As the European Commission (EC) approves the first national recovery plans submitted by Member States to access the Next Generation EU Funds, at the European Social Network (ESN) we have been spearheading an initial assessment of the plans with local and regional public social services to seek their views on national reforms supporting the next generation of children and youth.
Most national governments submitted their plans for recovery investments in April and May and the European Commission started approving the first batch of plans in mid-June in line with its two months deadline following receipt of the plans. EC president Ursula von der Leyen travelled this week to Lisbon and Madrid to personally deliver the Commission’s assessment of the National Recovery and Resilience Plans (NRRPs) for Portugal and Spain, the first countries to submit their plans. Ms Von der Leyen highlighted how “the plan will help build a better future for the Portuguese people” as she handed the assessment of the Portuguese Plan to Prime Minister Costa.
However, a closer look at the 23 plans so far submitted to the EC raises a series of questions as to whether the investments proposed might fail the children and youth who are most vulnerable and have been most affected by the pandemic.

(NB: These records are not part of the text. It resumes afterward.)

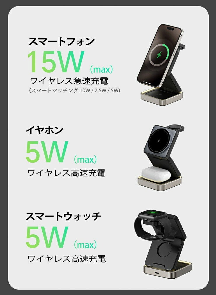 15W(スマートフォン)/ 5W(スマートウォッチ)/ 5W(イヤホン) |
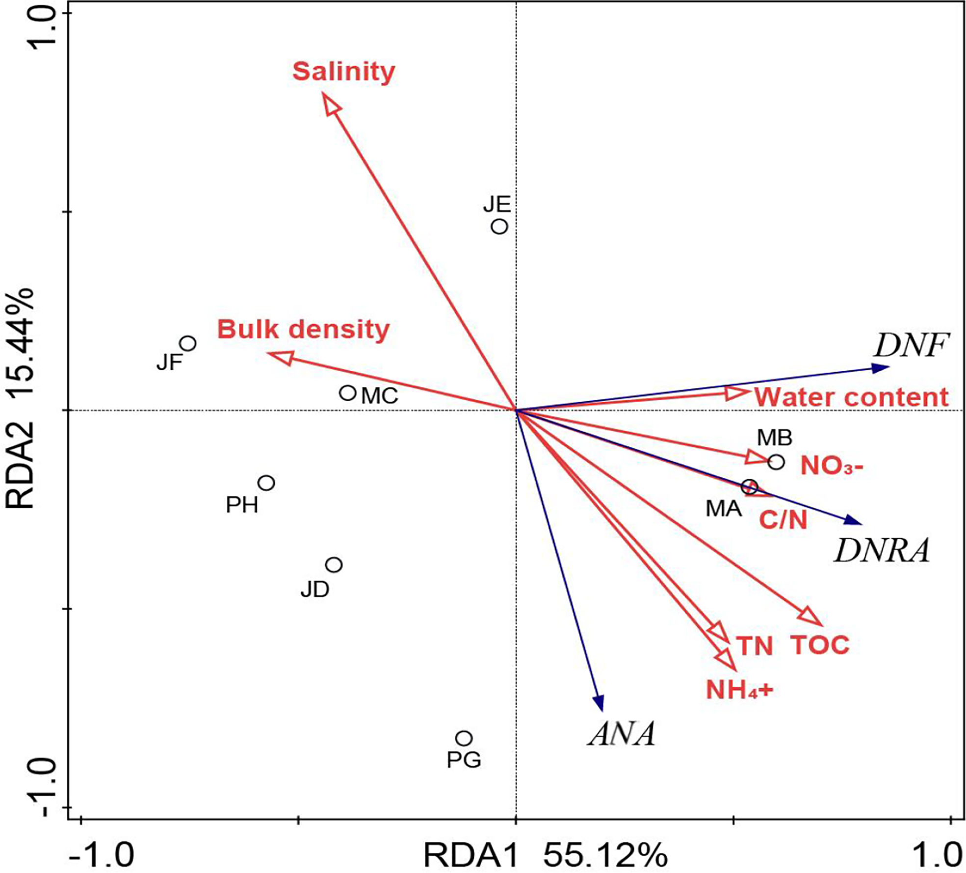 Ordination diagram showing the results of RDA of NO3- reduction processes and soil physicochemical characteristics. The hollow circles represent individual sediment samples from the eight shrimp ponds in the subtropics Estuary. The red arrows represent soil physicochemical characteristics, and blue arrows represent NO3- reduction processes.
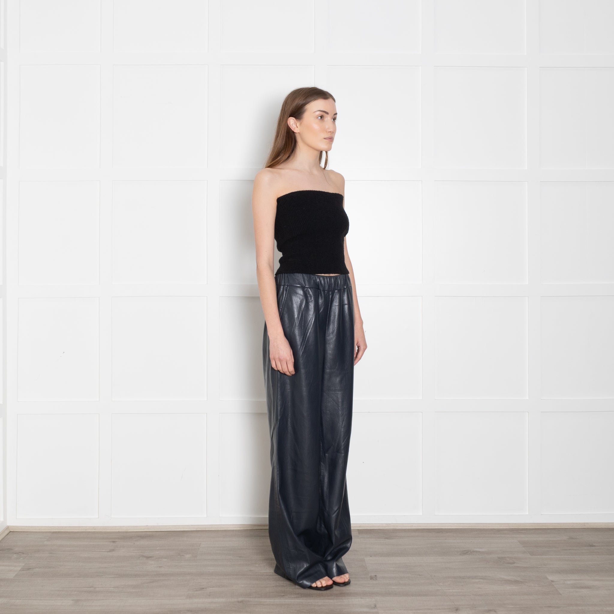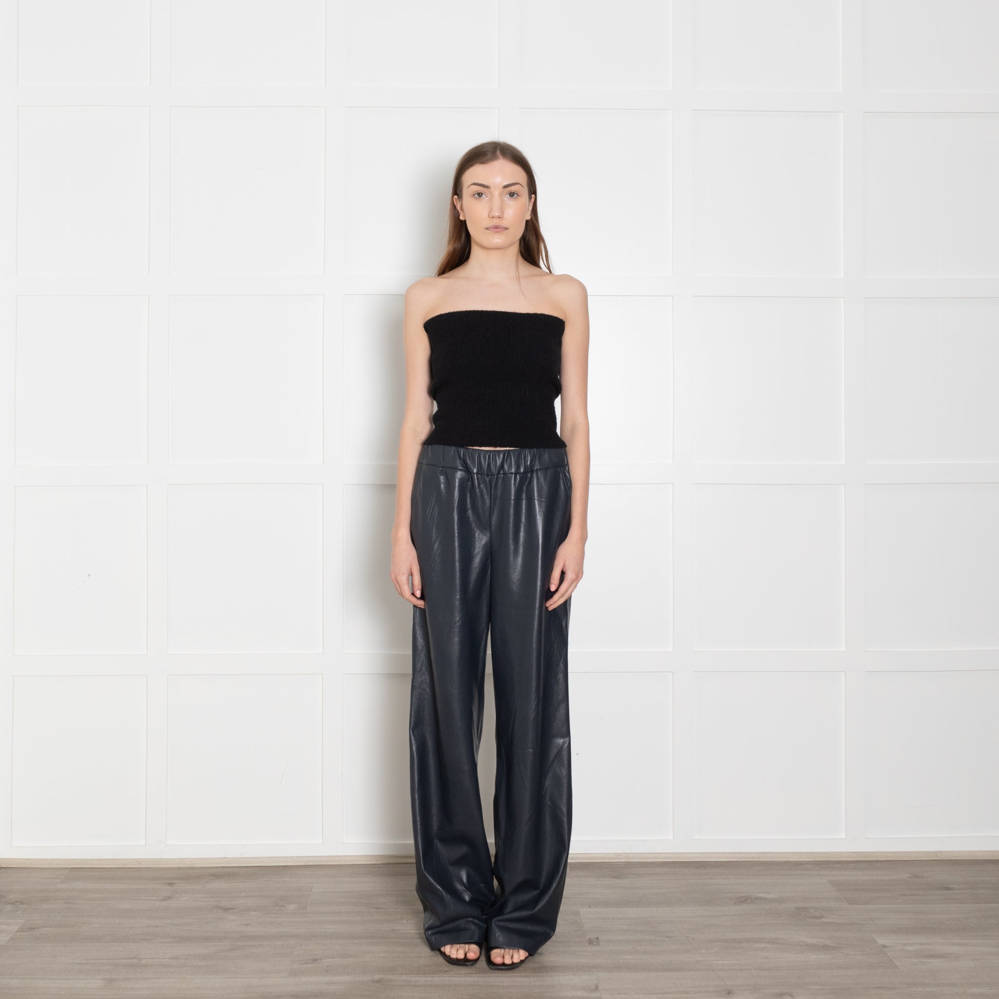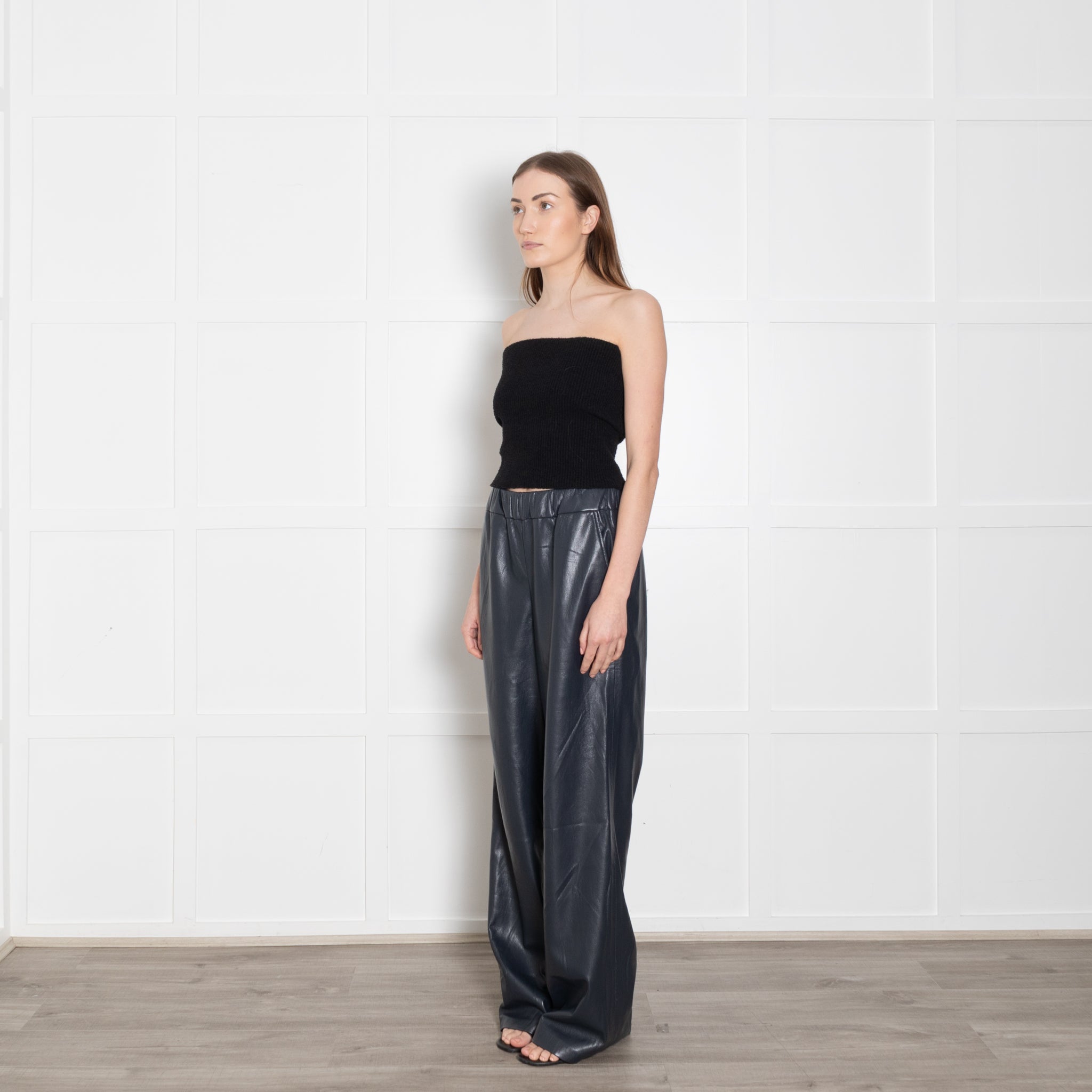Anine Bing dark blue faux leather wide-leg trousers with an elasticated ruched waistband and two side slip pockets.

Our initial assessment of the NRRPs suggests that while most include some form of support for children and families, there are large variations between countries.
There have been numerous, and difficult, challenges for children’s social services in their response to Covid-19. Our analysis of the impact the pandemic has had on the most vulnerable reveals that many children and young people will be affected significantly, and for a considerable time, by the Covid-19 lockdowns.
Our members working in local and regional authorities have reported a steady rise in the number of child protection cases in 2020 compared with 2019. The primary reasons highlighted for this were the effects of the pandemic on children and young people’s mental health, increased prevalence in domestic abuse or children subject to abuse, and a decline in family income.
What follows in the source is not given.